RECORDS FOR PROCESSING
- - -

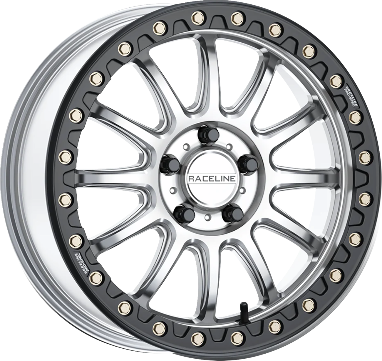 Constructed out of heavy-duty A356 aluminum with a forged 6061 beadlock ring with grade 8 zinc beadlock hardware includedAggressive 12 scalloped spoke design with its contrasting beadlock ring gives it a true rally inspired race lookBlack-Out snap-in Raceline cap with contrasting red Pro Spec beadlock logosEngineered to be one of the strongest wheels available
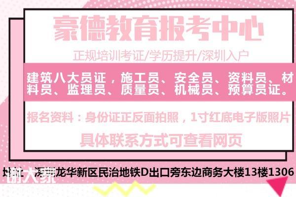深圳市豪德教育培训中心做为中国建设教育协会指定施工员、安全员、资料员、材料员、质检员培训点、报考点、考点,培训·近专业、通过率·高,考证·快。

- - -

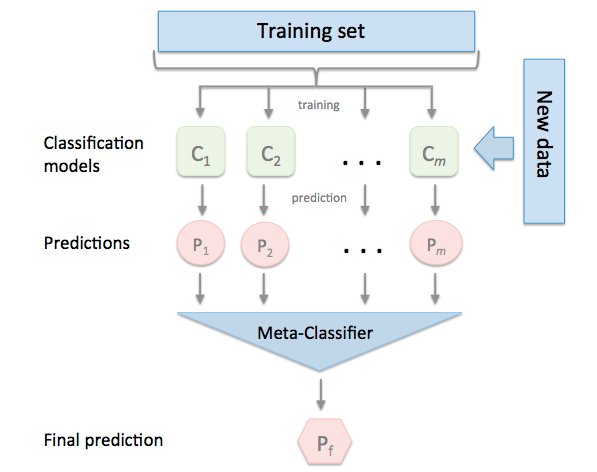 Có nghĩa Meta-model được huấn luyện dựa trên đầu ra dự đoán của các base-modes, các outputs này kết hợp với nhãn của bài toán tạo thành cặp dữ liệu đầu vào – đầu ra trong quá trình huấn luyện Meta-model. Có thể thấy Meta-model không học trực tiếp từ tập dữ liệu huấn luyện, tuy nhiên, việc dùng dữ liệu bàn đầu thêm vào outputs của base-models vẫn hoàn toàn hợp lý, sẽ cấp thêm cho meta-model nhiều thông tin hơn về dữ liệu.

- - -

EXERCISE PROMPT
In the listing above, find the line with "Constructed out of" and the line with "深圳市豪德教育培训中心做为中". Copy exactly those lines and all between them, minus the images.

ANSWER SPACE
 Constructed out of heavy-duty A356 aluminum with a forged 6061 beadlock ring with grade 8 zinc beadlock hardware includedAggressive 12 scalloped spoke design with its contrasting beadlock ring gives it a true rally inspired race lookBlack-Out snap-in Raceline cap with contrasting red Pro Spec beadlock logosEngineered to be one of the strongest wheels available
深圳市豪德教育培训中心做为中国建设教育协会指定施工员、安全员、资料员、材料员、质检员培训点、报考点、考点,培训·近专业、通过率·高,考证·快。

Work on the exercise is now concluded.